Task description: Leave out the pictures and retype exactly the lines from the one with "Enjoy peaceful riverfront" through the end of the records.

Data items:
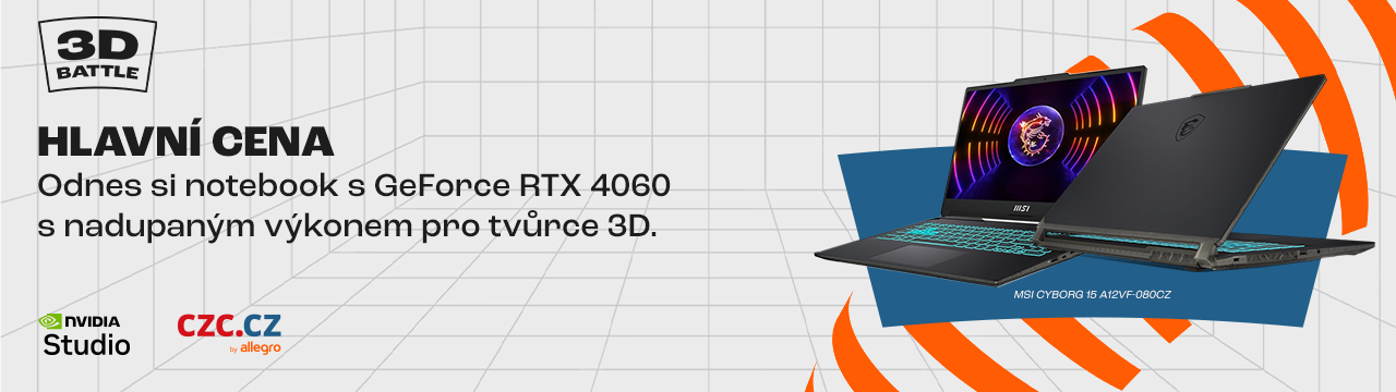 Na nejlepší práci čeká hlavní cena v podobě notebooku s GeForce RTX 4060 s nadupaným výkonem pro tvůrce 3D a v celkové hodnotě téměř 30.000 Kč.
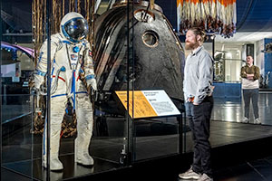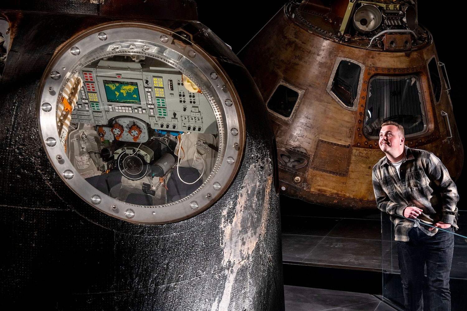 The Space gallery replaces "Exploring Space," which was open for nearly 40 years. In addition to the command module, Space brings together historic items that highlight the Space Age and the future of space exploration. The hall is the first and only place in the world where the public can view an Apollo spacecraft — which splashed down from the moon — side by side with a Soyuz descent module, one of the modern means of returning astronauts from low Earth orbit.
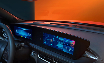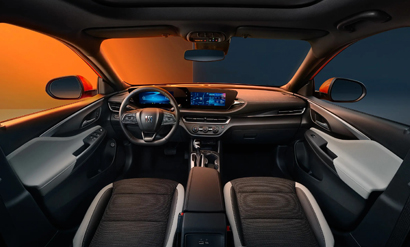 The interior of the Envista features a single panel combining an 8-inch screen for driver instruments and an 11-inch infotainment screen. Wireless Android Auto and Apple CarPlay are offered, as well as over-the-air updates and a surround-sound audio system. The front door panels and dashboard feature stitched elements, and the Avenir and ST trim levels feature embroidered head restraints logos.
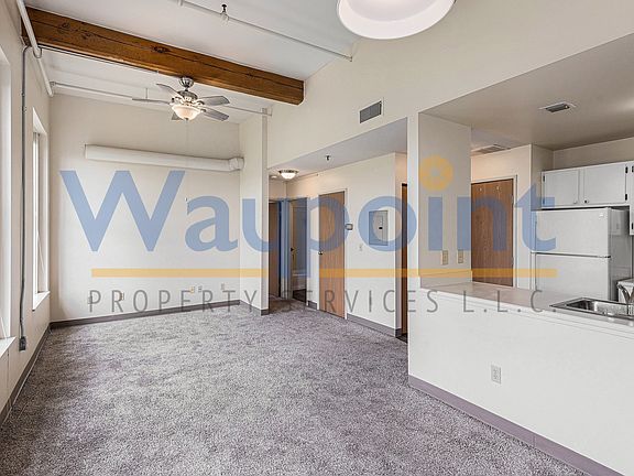Enjoy peaceful riverfront living in this charming 1-bedroom apartment located in a beautifully maintained historic building along the Flat River in Belding. This unique home blends classic character with everyday comfort, featuring tall ceilings, large windows, and architectural details that reflect the building's rich history.
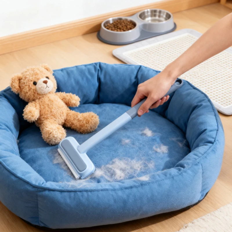 1.Brosse d'épilation pour animaux de compagnie à long manche, nettoyage efficace, simple et pratique
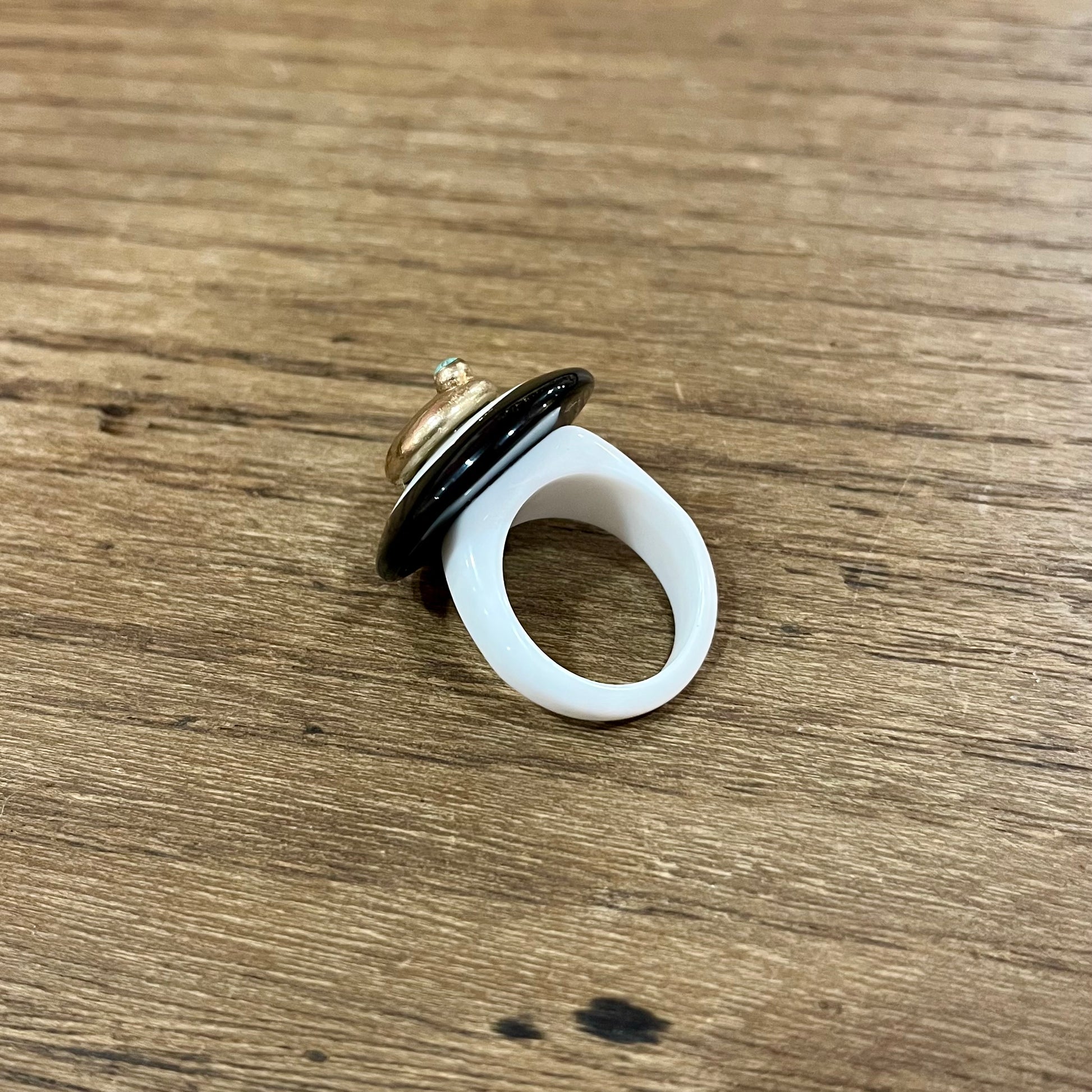 - Secondo strato: resina nera profonda, che crea un equilibrio grafico e deciso.
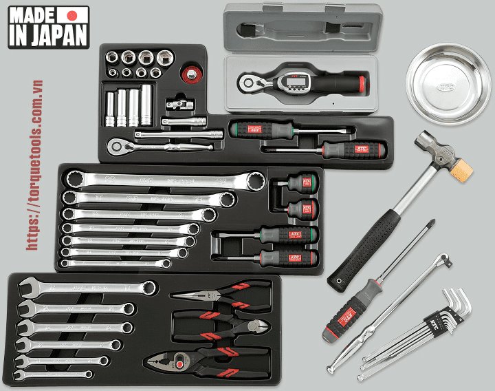 Toàn bộ các chi tiết được đựng trong thùng dụng cụ màu xám KTC SKX0213S có kích thước W520xD215XH300 mm. Trọng lượng tổng thể: 18 kg.

Worked solution:
Enjoy peaceful riverfront living in this charming 1-bedroom apartment located in a beautifully maintained historic building along the Flat River in Belding. This unique home blends classic character with everyday comfort, featuring tall ceilings, large windows, and architectural details that reflect the building's rich history.
 1.Brosse d'épilation pour animaux de compagnie à long manche, nettoyage efficace, simple et pratique
 - Secondo strato: resina nera profonda, che crea un equilibrio grafico e deciso.
 Toàn bộ các chi tiết được đựng trong thùng dụng cụ màu xám KTC SKX0213S có kích thước W520xD215XH300 mm. Trọng lượng tổng thể: 18 kg.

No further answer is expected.